Not sure that it applies to your use case, but I realized that one feasible way to link standalone code (C++ or CUDA) to arbitrary Python code is to use pipes, which is rather straightforward with bash under Linux (and I guess similar for macOS).
E.g. this dummy code communicates every 5ms with another process by printing out the current values of the membrane potential and reading in some kind of external input calculated based on these values (or their history, or whatever):
# cpp_pipes.py
from brian2 import *
set_device('cpp_standalone')
G = NeuronGroup(5, '''dv/dt = (-v + ext(i, t))/ (10*ms) : 1''', method='euler')
G.v = 'rand()'
@implementation('cpp', '''
double ext(int i, double t) {
static double last_t = -1;
static double values[10];
if (t - last_t > 0.005) { // if last update was more than 5ms ago
// write current values of v to stdout
for (int i = 0; i < %N%; i++) {
std::cout << brian::%V_VARIABLE%[i] << " ";
}
std::cout << std::endl;
std::cout.flush();
// read in ext values from stdin
for (int i = 0; i < %N%; i++) {
std::cin >> values[i];
}
last_t = t;
}
return values[i];
}
'''.replace('%V_VARIABLE%', device.get_array_name(G.v.variable)).replace("%N%", str(len(G))))

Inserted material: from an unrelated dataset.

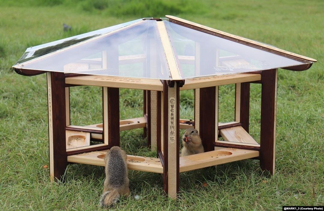 "СусликПаб" уже открывали на острове в прошлом году. Но в конце лета неизвестные разрушили кафе для сусликов, и осенью, когда грызуны впали в спячку, старое здание бара разобрали.
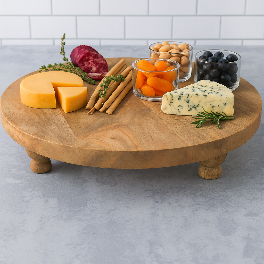 Hand-Crafted Farmhouse Round Footed Serving Board

@check_units(i=1, t=second, result=1)
def ext(i, t):
pass
state_mon = StateMonitor(G, 'v', record=True)
run(100*ms, report='stderr')
plt.plot(state_mon.t/ms, state_mon.v.T)
plt.show()
This general Python script reads in membrane potential values and writes out input values. Here this switches on inputs for membrane potentials < 0.5:
# input_provider.py
import numpy as np
import sys
if __name__ == '__main__':
# Read in the current membrane potential values
while True:
try:
line = input()
except EOFError:
break
values = np.array([float(d) for d in line.split()])
# Example for some closed-loop interaction:
ext_inputs = np.zeros(len(values))
ext_inputs[values < 0.5] = 1
# Send the inputs to stdout
print(' '.join([str(i) for i in ext_inputs]))
sys.stdout.flush()
With bash, you can then start the two processes and have them communicate via two pipes, giving you a cheap&dirty implementation of inter-process-communication:
$ mkfifo fifo
$ python -u cpp_pipes.py < fifo | python -u input_provider.py > fifo
Given that the C++ code only asks every 5ms for new input values, you get this oscillation around the 0.5 threshold value:
I should probably move this example somewhere else where it is a bit more discoverable instead of being at the end of a rather unrelated discussion
Interesting! So this would allow me to implement the closed-loop part without network operations. I would still need to implement quite a bit of nontrivial code for reading out the recording device measurements and applying the stimulation device updates, but it’s something for me to chew on.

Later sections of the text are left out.